Department of Ecoscience, Aarhus University, Aarhus, Denmark.
Arctic Research Centre, Aarhus University, Aarhus, Denmark.
PeerJ. 2022 Aug 23;10:e13837. doi: 10.7717/peerj.13837. eCollection 2022.
Image-based methods for species identification offer cost-efficient solutions for biomonitoring. This is particularly relevant for invertebrate studies, where bulk samples often represent insurmountable workloads for sorting, identifying, and counting individual specimens. On the other hand, image-based classification using deep learning tools have strict requirements for the amount of training data, which is often a limiting factor. Here, we examine how classification accuracy increases with the amount of training data using the BIODISCOVER imaging system constructed for image-based classification and biomass estimation of invertebrate specimens.
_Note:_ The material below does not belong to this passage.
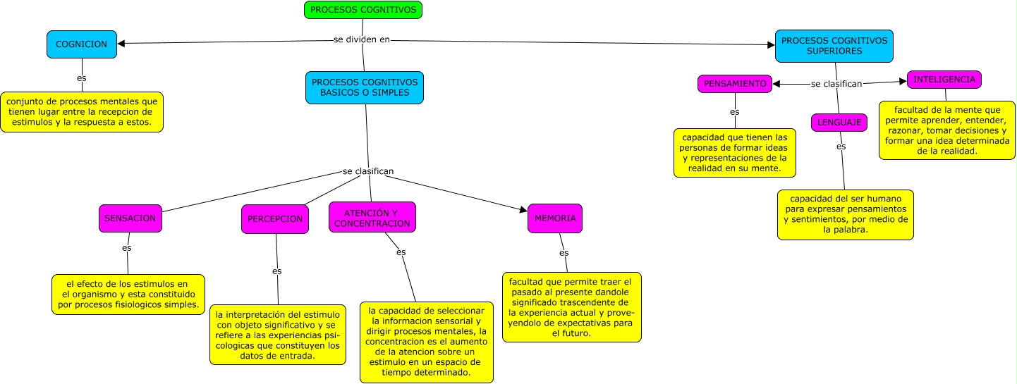 Este Cmap, tiene información relacionada con: PROCESOS COGNITIVOS 3, LENGUAJE es capacidad del ser humano para expresar pensamientos y sentimientos, por medio de la palabra., PROCESOS COGNITIVOS BASICOS O SIMPLES se clasifican PERCEPCION, PROCESOS COGNITIVOS SUPERIORES se clasifican LENGUAJE, PROCESOS COGNITIVOS se dividen en COGNICION, ATENCIÓN Y CONCENTRACION es la capacidad de seleccionar la informacion sensorial y dirigir procesos mentales, la concentracion es el aumento de la atencion sobre un estimulo en un espacio de tiempo determinado., SENSACION se clasifican MEMORIA, PROCESOS COGNITIVOS BASICOS O SIMPLES se clasifican ATENCIÓN Y CONCENTRACION, SENSACION se clasifican PERCEPCION, PERCEPCION es la interpretación del estimulo con objeto significativo y se refiere a las experiencias psi- cologicas que constituyen los datos de entrada., PROCESOS COGNITIVOS SUPERIORES se clasifican PENSAMIENTO, PENSAMIENTO es capacidad que tienen las personas de formar ideas y representaciones de la realidad en su mente., PROCESOS COGNITIVOS BASICOS O SIMPLES se clasifican MEMORIA, PROCESOS COGNITIVOS se dividen en PROCESOS COGNITIVOS BASICOS O SIMPLES, MEMORIA es facultad que permite traer el pasado al presente dandole significado trascendente de la experiencia actual y prove- yendolo de expectativas para el futuro., INTELIGENCIA es facultad de la mente que permite aprender, entender, razonar, tomar decisiones y formar una idea determinada de la realidad., PROCESOS COGNITIVOS se dividen en PROCESOS COGNITIVOS SUPERIORES, COGNICION es conjunto de procesos mentales que tienen lugar entre la recepcion de estimulos y la respuesta a estos., SENSACION es el efecto de los estimulos en el organismo y esta constituido por procesos fisiologicos simples., SENSACION se clasifican ATENCIÓN Y CONCENTRACION, PROCESOS COGNITIVOS SUPERIORES se clasifican INTELIGENCIA

We use a balanced dataset of 60 specimens of each of 16 taxa of freshwater macroinvertebrates to systematically quantify how classification performance of a convolutional neural network (CNN) increases for individual taxa and the overall community as the number of specimens used for training is increased. We show a striking 99.2% classification accuracy when the CNN (EfficientNet-B6) is trained on 50 specimens of each taxon, and also how the lower classification accuracy of models trained on less data is particularly evident for morphologically similar species placed within the same taxonomic order. Even with as little as 15 specimens used for training, classification accuracy reached 97%. Our results add to a recent body of literature showing the huge potential of image-based methods and deep learning for specimen-based research, and furthermore offers a perspective to future automatized approaches for deriving ecological data from bulk arthropod samples.
基于图像的物种鉴定方法为生物监测提供了具有成本效益的解决方案。这对于无脊椎动物研究尤为重要,因为大量样本通常代表着分类、鉴定和计算单个标本的不可逾越的工作量。另一方面,基于深度学习工具的基于图像的分类对训练数据的数量有严格的要求,而这往往是一个限制因素。在这里,我们使用为基于图像的分类和无脊椎动物标本生物量估计而构建的 BIODISCOVER 成像系统,研究了分类准确性如何随着训练数据量的增加而提高。我们使用了一个平衡的数据集,其中包含 60 个淡水大型无脊椎动物 16 个分类群的每个分类群的标本,系统地量化了随着用于训练的标本数量的增加,卷积神经网络 (CNN) 对单个分类群和整个群落的分类性能如何提高。当将 CNN(EfficientNet-B6)训练在每个分类群的 50 个标本上时,我们得到了惊人的 99.2%的分类准确性,并且还表明,对于形态相似的物种,在同一分类阶元内,模型在数据较少的情况下的较低分类准确性尤其明显。即使只用 15 个标本进行训练,分类准确性也达到了 97%。我们的结果增加了最近的一系列文献,这些文献表明基于图像的方法和深度学习在基于标本的研究中具有巨大的潜力,并且为从大量节肢动物样本中得出生态数据的未来自动化方法提供了一个视角。